Un dato che fa riflettere ancora di più se confrontato con quello della Nazionale di calcio: pochi giorni prima, la partita Italia-Moldavia, valida per le qualificazioni ai Mondiali, aveva raccolto su Rai1 7 milioni e mezzo di spettatori e il 38,4% di share. E, come notano professionisti e analisti, mentre gli azzurri giocavano in prima serata, la fascia più ambita per la tv, Sinner e Alcaraz si sfidavano alle 17 di una domenica estiva, uno slot di palinsesto decisamente meno favorevole. Non è solo una questione di numeri: è un segnale culturale.

Da sempre il calcio domina la scena italiana, ma oggi non si può ignorare una crescente disaffezione verso uno sport che porta in campo sempre più mercenari superpagati e sempre meno trascinatori. Ed è la stessa Nazionale a pagarne il prezzo: orfana dei tanti giovani futuri Baresi, Zoff, Pirlo, Del Piero che oggi vengono lasciati a giocare in qualche campetto di periferia, per far spazio negli stadi a nomi blasonati provenienti dall’estero. In questo contesto, il trionfo del gentile Sinner sembra aver scatenato un’energia diversa, una nuova passione nazionale. Il merito non è solo dei risultati.

È il suo stesso stile, come quello del suo rivale/amico Alcaraz, a conquistare: due ragazzi di 23 e 22 anni che incarnano valori oggi sempre più rari nello sport ipermediatizzato: sacrificio, impegno, rispetto per l’avversario, lealtà, resilienza. Jannik sta restituendo all’Italia un ruolo di primo piano nello scenario sportivo mondiale. Un atleta che non è diventato numero uno al mondo per caso: dietro la sua ascesa c’è la fatica quotidiana e la determinazione che lo ha riportato subito in campo anche dopo l’amara sconfitta al Roland Garros, ancora una volta accompagnata da un grande insegnamento «è stata dura ma ho accettato la sconfitta, abbiamo studiato i miei errori e ho cercato di ripartire da lì per diventare un atleta e un uomo migliore».

Ed è stata una gioia per gli occhi anche vedere come i due atleti, perfino nei momenti decisivi del match, abbiano saputo ammettere e correggere errori arbitrali per restituire un punto tolto all’avversario.
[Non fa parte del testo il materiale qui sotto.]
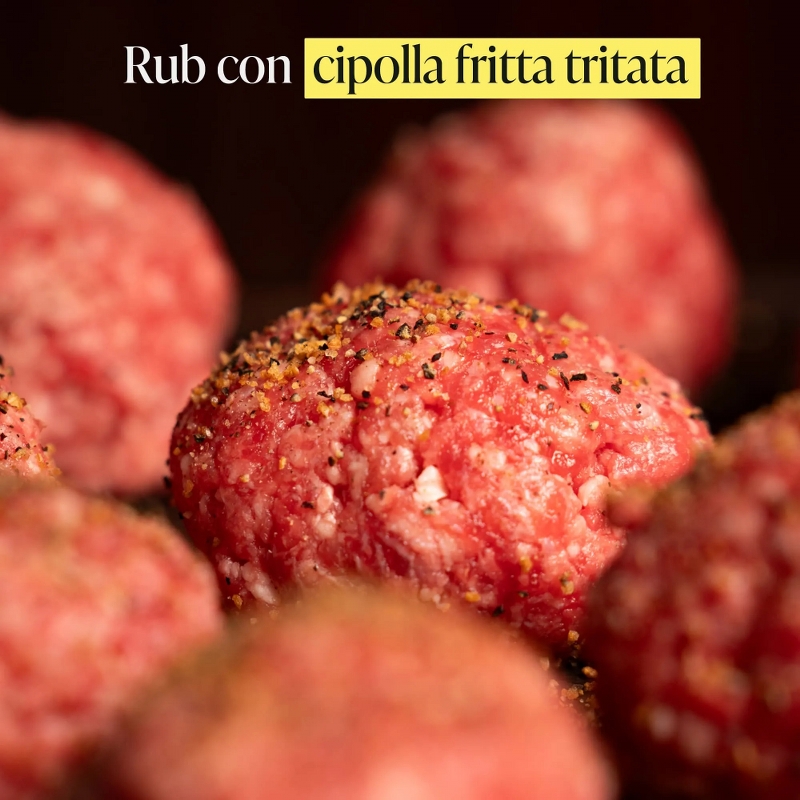 Protagonista assoluta di questo Rub è la cipolla fritta e tostata, un ingrediente scelto per la sua straordinaria complessità aromatica. A differenza della cipolla cruda, qui troviamo dolcezza, profondità e una ricchezza umami naturale che si sprigiona non appena la carne tocca la piastra rovente.
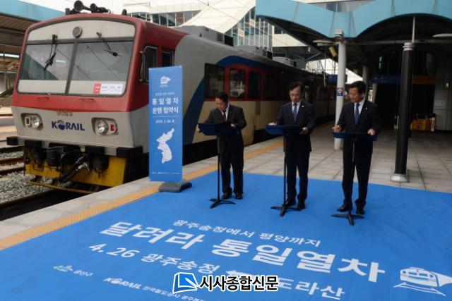 À̳¯ Çù¾à½ÄÀº ±× ù ´ÜÃß·Î, ¼¼ ±â°üÀº 4¡¤27 ³²ºÏÁ¤»óȸ´ã 1ÁÖ³âÀ» ÇÏ·ç ¾ÕµÐ 4¿ù 26ÀÏ ¡®±¤ÁÖ¼ÛÁ¤¿ª~µµ¶ó»ê¿ª ¿Õº¹ ÅëÀÏ¿Â÷ ¿©Ç࡯ ÃßÁøÀ» ¾à¼ÓÇß´Ù.
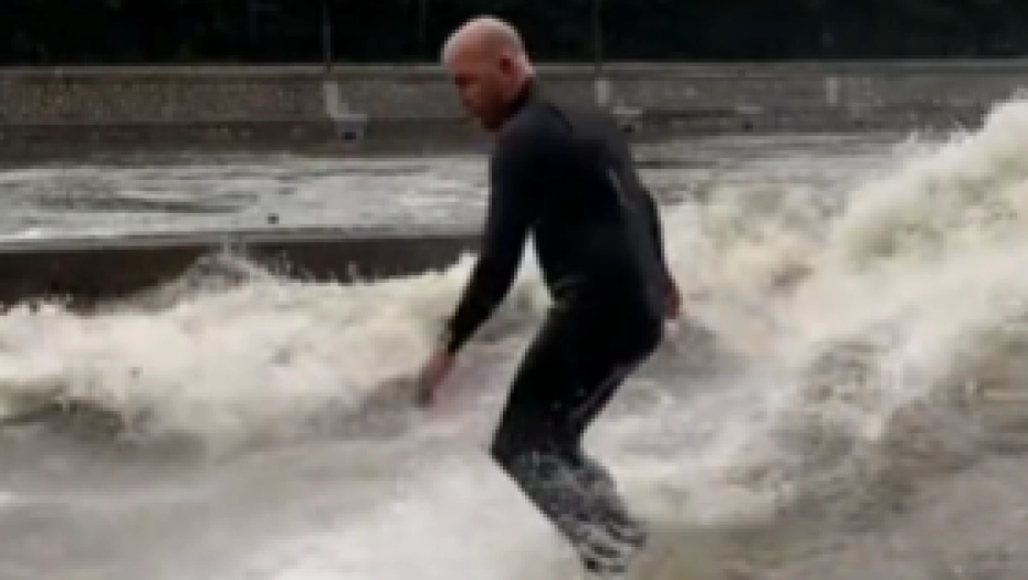 Društvenim mrežama se širi i snimak surfera koji je talase poplavljene reke ocenio kao pogodnu priliku za trening.
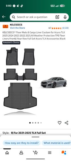 KELCSEECSĀ® Floor Mats & Cargo Liner Custom for Acura TLX 2025 2024 2023 2022 2021,All Weather Protection TPE Floor Liners Front& Rear Row Full Set $60Mesa, AZ
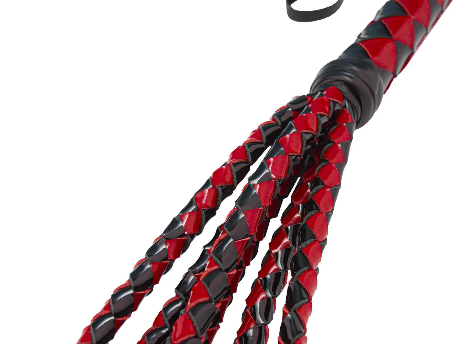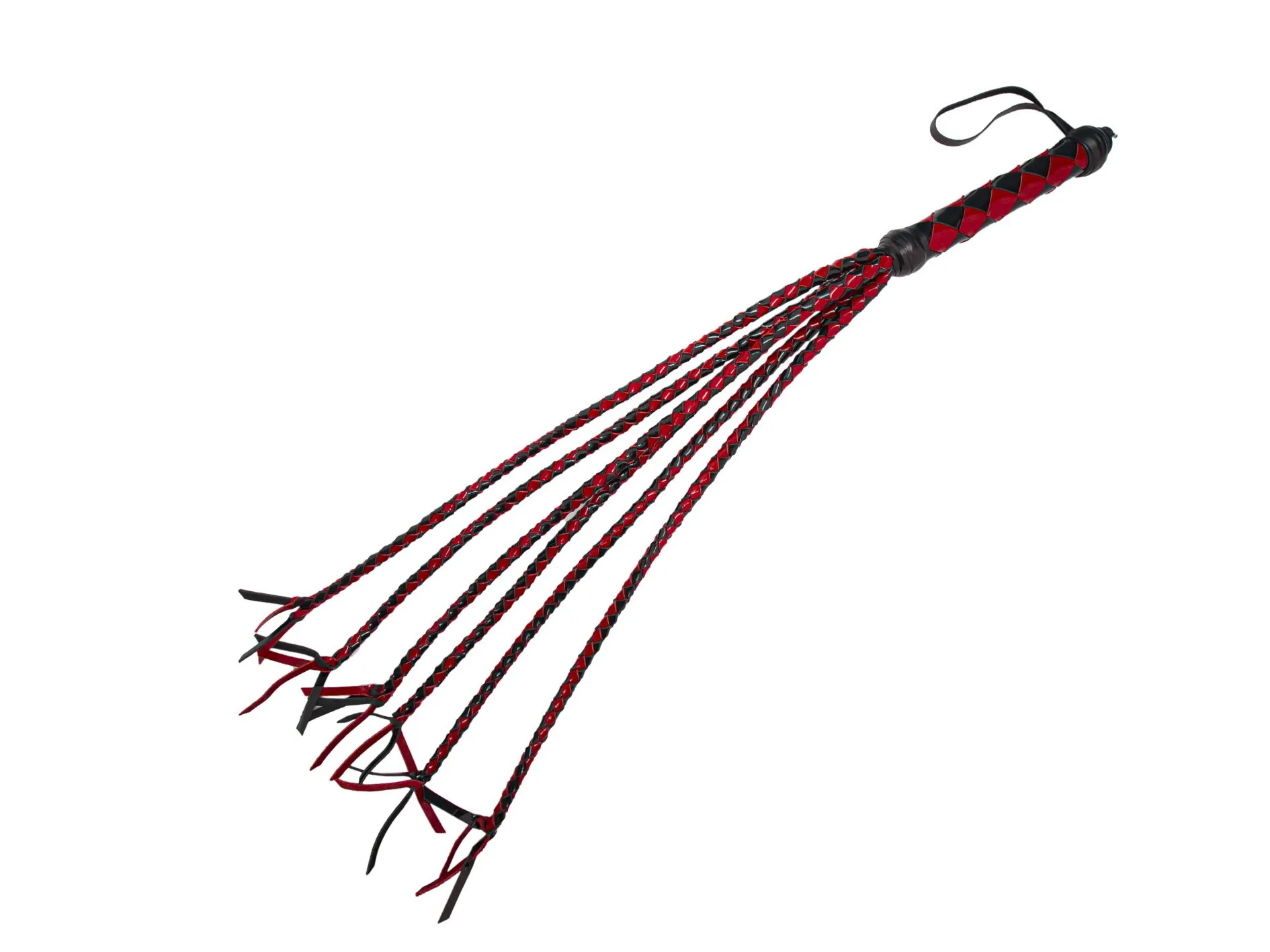 Плеть многохвостка выполнена из лаковой натуральной кожи в черно-красной цветовой гамме. Состоит из плетенной ручки и 6 хвостов круглого плетения. Хвосты заканчиваются "кисточками" сплетенными особым способом без узлов. На рукоятке имеется петля для фиксации на руке. Имеет достаточно большую площадь соприкосновения с телом при ударе, но, по сравнению с флогером, оказывает более сильное воздействие при той же силе, так как имеет особое плетение хвостов. Применяется на уже разогретом теле.

Un esempio sempre più in antitesi con i disvalori di un calcio dominato da atleti che tentano costantemente di indurre l’arbitro in errore lasciandosi cadere al primo contatto, che inseguono stipendi milionari più che ideali sportivi, dove l’attaccamento alla maglia appare ormai un valore d’altri tempi. Iconico il commento di Roberto Baggio, simbolo immortale del calcio azzurro, che ha speso parole importanti per il tennista altoatesino: «Il primo post che ha pubblicato mia figlia Valentina su Instagram è stato per celebrare Sinner. Mi ha colpito profondamente: è un esempio meraviglioso per tutti i giovani. Io posso augurargli di restare per sempre così. Il mondo ha bisogno di uomini come lui».
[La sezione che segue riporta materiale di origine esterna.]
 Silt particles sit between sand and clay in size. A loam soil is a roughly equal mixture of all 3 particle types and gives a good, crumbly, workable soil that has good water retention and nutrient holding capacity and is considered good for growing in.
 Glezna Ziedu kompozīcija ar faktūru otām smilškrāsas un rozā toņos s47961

Non si tratta solo di entusiasmo mediatico: aumentano i ragazzi che chiedono di iscriversi ai corsi di tennis, i club registrano boom di richieste, le famiglie guardano a questo sport come a un ambiente educativo, lontano dagli eccessi di divismo e polemiche che oggi soffocano il mondo del pallone. Sinner non è solo il numero uno del tennis mondiale: è il protagonista di una nuova storia sportiva e, speriamo, culturale italiana. Il calcio probabilmente resterà ancora il re indiscusso del tifo tricolore ma, in attesa del risveglio del pallone, rimaniamo incantati dalla pallina gialla e dal ragazzo dai capelli rossi che con la sua racchetta sta segnando il più grande dei match point: quello in favore dello sport come palestra di vita; quello che insegna che la battaglia più dura da vincere è sempre quella contro i propri limiti e che forza di volontà e sacrificio possono fare la differenza. Quello sport che può salvare e far crescere persone migliori, anche nei contesti più disagiati del nostro Paese. “Alè” Jannik!